Бранится, кий шваркнул и ушел. Вот поди ты! По вечерам с князем по пятидесяти целковых партию играют, а тут бутылку макону проиграл и сам не в себе. Уж такой характер! Другой раз до двух часов играют с князем, денег в лузу не кладут, и уж знаю, денег нет ни у того, ни у другого, а все форсят.
— Идет, — говорит, — от двадцати пяти угол?
— Идет!
Зевни только али шара не так поставь — ведь не каменный человек! — так еще норовит в морду заехать.
— Не на щепки, — говорит, — играют, а на деньги. Уж этот пуще всех меня донимает. Ну, хорошо. Только князь и говорит новому барину-то, как большой ушел:
— Не угодно ли, — говорит, — со мной сыграть?

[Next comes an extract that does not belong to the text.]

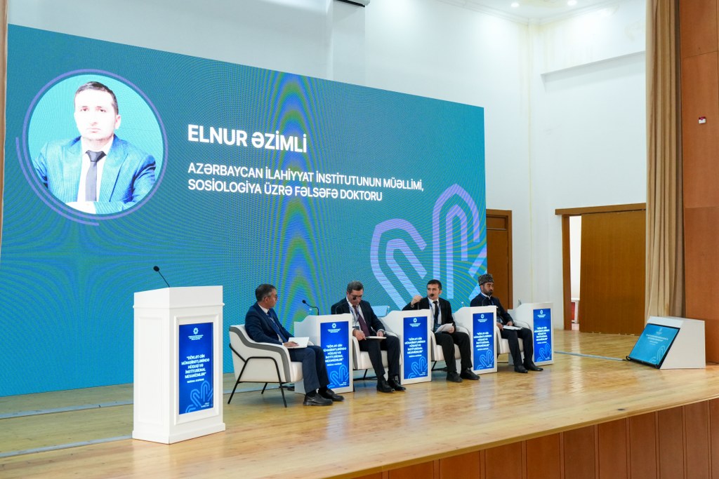 Azərbaycan İlahiyyat İnstitutunun müəllimi, Sosiologiya üzrə fəlsəfə doktoru Elnur Əzimli “Dövlət-din münasibətlərinin mahiyyəti və modelləri” mövzusunda çıxışında dinin mənəvi-əxlaqi dəyərlərin formalaşmasında fəal iştirak edən, dövlətin isə cəmiyyətdə qaydaları müəyyən edən institut olduğunu vurğulayıb. Müasir dünyada geniş yayılan sekulyarizm modelinin fərdi dini azadlıqları təmin etdiyini bildirib.

— С удовольствием, — говорит.
Сидел он, так таким фофаном смотрит, что ну! Куражный то есть из себя; ну, а как встал, подошел к бильярду, и не то: заробел. Заробел не заробел, а видно, что уж не в своем духе. В платье, что ли, в новом неловко, али боится, что смотрят все на него, только уж форцу того нет. Ходит боком как-то, карманом, за лузы цепляет, станет кий мелить — мел уронит. Где бы и сделал шара, так все оглядывается да краснеет. Не то, что князь: тот уж привык — намелит, намелит себе руку, рукава засучит, да как пойдет садить, так лузы трещат, даром что маленький.
Сыграли две ли три партии, уж не помню, князь кий положил, говорит:
— Позвольте узнать, как ваша фамилия?
— Нехлюдов, — говорит.
— Ваш, — говорит, — батюшка корпусом командовал?
— Да, — говорит.
Тут по-французски что-то часто заговорили; уж я не понял. Должно, все родство вспоминали,
— А ревуар[30],— говорит князь, — очень рад с вами познакомиться.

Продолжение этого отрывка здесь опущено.